[Entries provided Boundary: Start]

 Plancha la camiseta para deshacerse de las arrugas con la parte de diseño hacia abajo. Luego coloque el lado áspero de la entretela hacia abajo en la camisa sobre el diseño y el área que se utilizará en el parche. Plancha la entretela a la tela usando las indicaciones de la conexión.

[Entries provided Boundary: End]
[Entries provided Boundary: Start]

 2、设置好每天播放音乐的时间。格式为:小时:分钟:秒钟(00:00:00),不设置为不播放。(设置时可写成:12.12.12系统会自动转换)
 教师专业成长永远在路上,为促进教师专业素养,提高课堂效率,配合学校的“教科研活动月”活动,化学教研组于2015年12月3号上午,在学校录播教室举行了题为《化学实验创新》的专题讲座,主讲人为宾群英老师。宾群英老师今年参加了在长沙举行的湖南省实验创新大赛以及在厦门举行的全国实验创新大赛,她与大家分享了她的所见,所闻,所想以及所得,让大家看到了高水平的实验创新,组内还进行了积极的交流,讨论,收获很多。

[Entries provided Boundary: End]

> **Exercise prompt**:
All that belongs in your answer is the stretch of entries above from the line with "2、设置好每天播放音乐的时间" through the line with "教师专业成长永远在路上,为促", printed exactly.

> **Response below**:
 2、设置好每天播放音乐的时间。格式为:小时:分钟:秒钟(00:00:00),不设置为不播放。(设置时可写成:12.12.12系统会自动转换)
 教师专业成长永远在路上,为促进教师专业素养,提高课堂效率,配合学校的“教科研活动月”活动,化学教研组于2015年12月3号上午,在学校录播教室举行了题为《化学实验创新》的专题讲座,主讲人为宾群英老师。宾群英老师今年参加了在长沙举行的湖南省实验创新大赛以及在厦门举行的全国实验创新大赛,她与大家分享了她的所见,所闻,所想以及所得,让大家看到了高水平的实验创新,组内还进行了积极的交流,讨论,收获很多。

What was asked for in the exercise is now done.